After my Father passed of colon and liver cancer in 2016, I realized how many life questions I never had answered. I felt lost, scared; the deeper I went into that horrific thought pattern, the worse I felt like my life was going. My Mother, by this point in life, was already a drunkard living her best life down in Florida, and my Sister who would fill the crucial role my parents left was often so busy that I felt like I was bothering her with my stupid questions. It's a terrible place to find yourself in; you don't even realize that it's happening until you hit the ground, the air gets knocked out of you, and when you finally get that first breath to look around, it's all dark. Most of the time, people will give up there, accept their fate as a lost soul and march onward trying not to sink deeper - honestly, I nearly did the same. But, I had too many people who relied on me to stay down, too many friends that considered me the Dad of the group to show them my fears - I had to grow up fast once again. 

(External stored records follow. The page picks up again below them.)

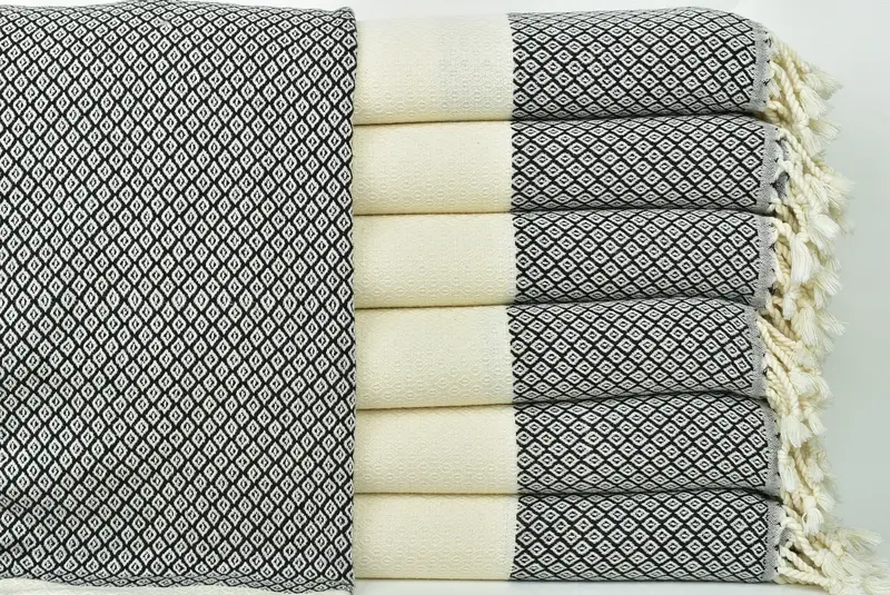 Türkische Baumwolle sorgt für eine hervorragende Saugfähigkeit und sorgt dafür, dass Handtücher sehr schnell trocknen, ohne dass ein Trockner erforderlich ist. Es zeichnet sich durch sein einzigartiges Handwebverfahren aus, das zu einer leichten Größentoleranz von 1–2,5 cm führt. Jedes Handtuch misst 90 x 180 cm (36 x 71 Zoll) und wiegt etwa 380 Gramm.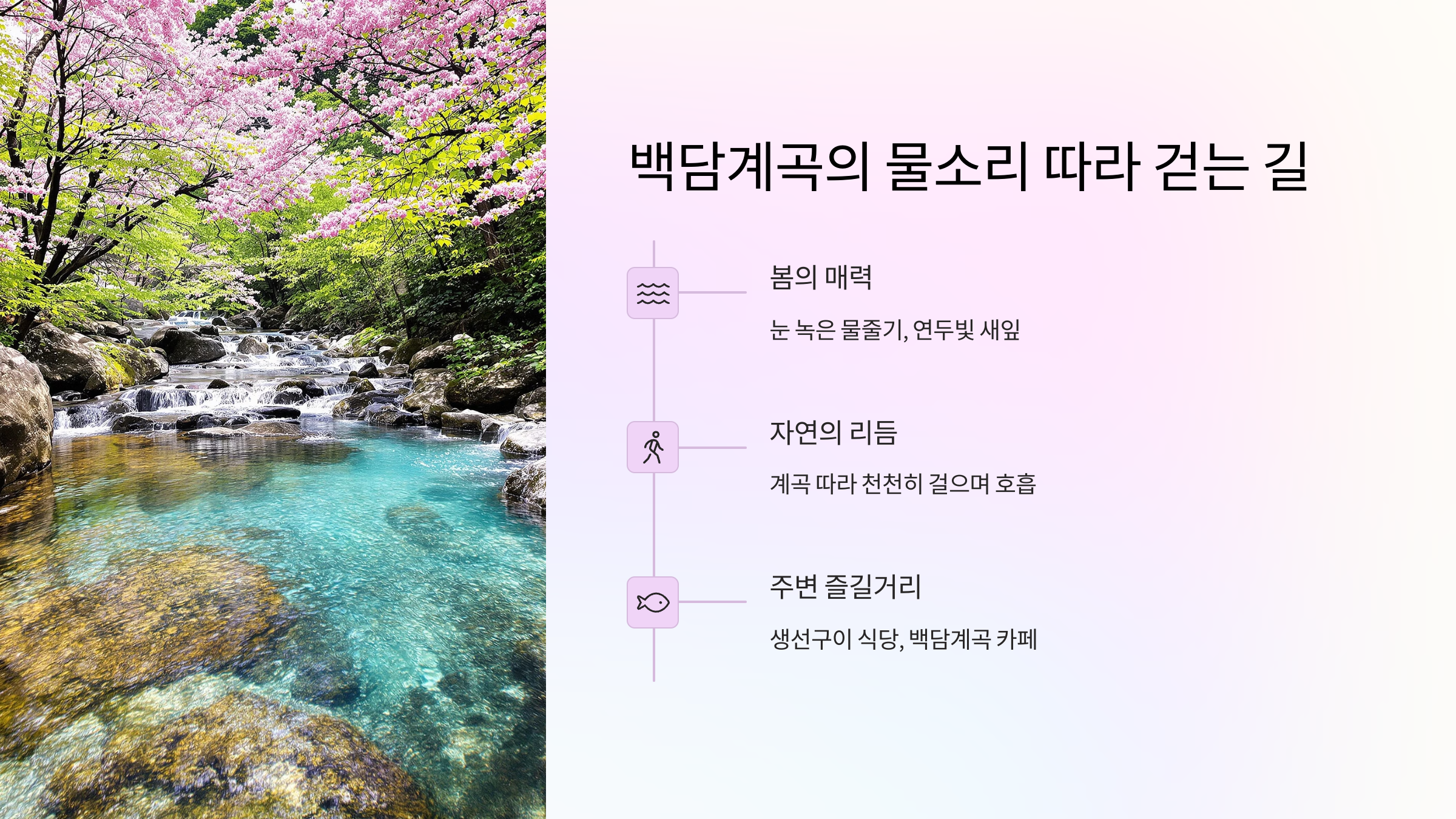 사계절 내내 아름답지만, 특히 봄에는 백담계곡의 매력이 더욱 도드라집니다. 눈이 녹은 물줄기가 시원하게 흐르고, 나무들도 연두빛 새 잎을 틔우는 시기니까요. 계곡 따라 난 길을 천천히 걸으며 자연의 리듬에 맞춰 호흡하면, 마음이 고요해지는 기분이 들어요.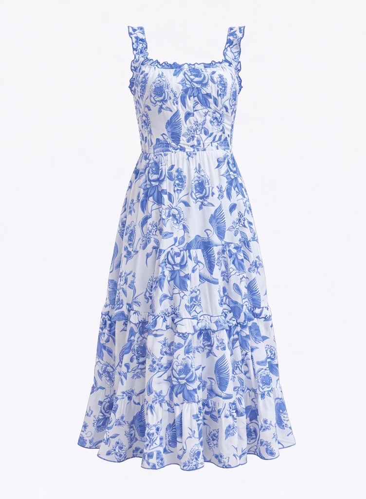 A romantic floral summer dress inspired by vintage Renaissance style. Featuring a square neckline, smocked bodice, and flowing tiered skirt with delicate lace trim, this elegant dress creates a flattering A-line silhouette. Lightweight and comfortable, it’s perfect for garden parties, vacations, casual summer outings, or special occasions.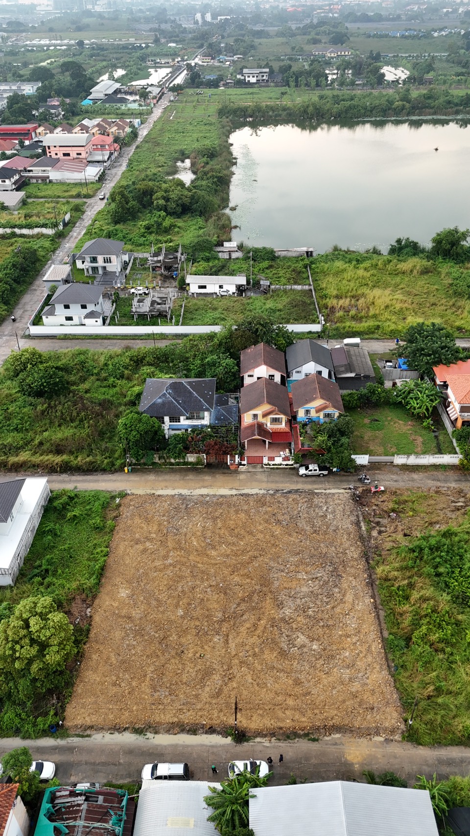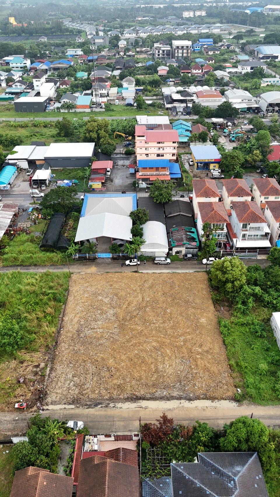 หน้ากว้างด้านติดถนนประมาณ 40 เมตร ด้านข้างยาวประมาณ 40 เมตร ถมดินเรียบร้อยแล้ว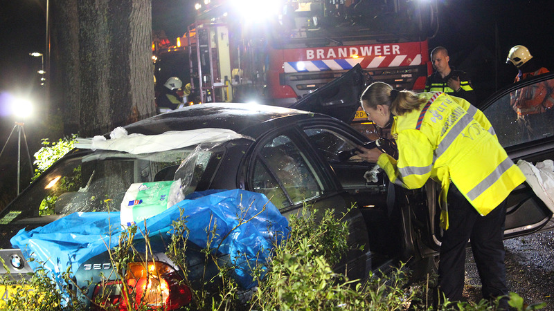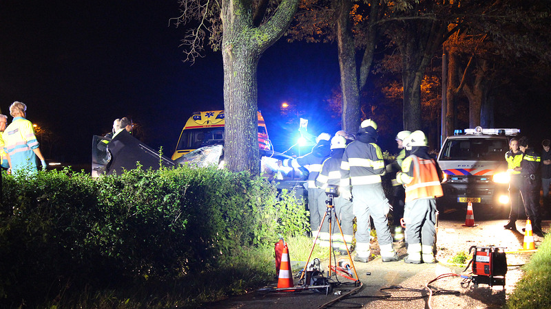 De brandweer en de ambulancedienst kwamen beide met twee voertuigen ter plaatse. Nadat de brandweer de autodeur verwijderd had kon de bestuurder uit zijn benarde positie bevrijd worden. Hij is onder begeleiding van de trauma-arts van VU Medisch Centrum naar het ziekenhuis gebracht. (foto's: DNP.NU/Lorenzo Derksen)

In doing so, I realized that there are countless people in that rut, filled with questions to give their lives meaning that they're too scared to ask or they don't know who to ask. That's what PlumesCast morphed to become - I wanted people to reach out and ask the questions they were too afraid to, and I wanted to answer them in a way a friend would. Looking back, I think I've done a pretty good job - we've had some serious laughs, some tears, but from those who've I talked to after them finding my humble little podcast, I know I've left a mark on their hearts. And that's why I wanted to take my content one step further. Welcome to The Phantasmagoria of Plumes.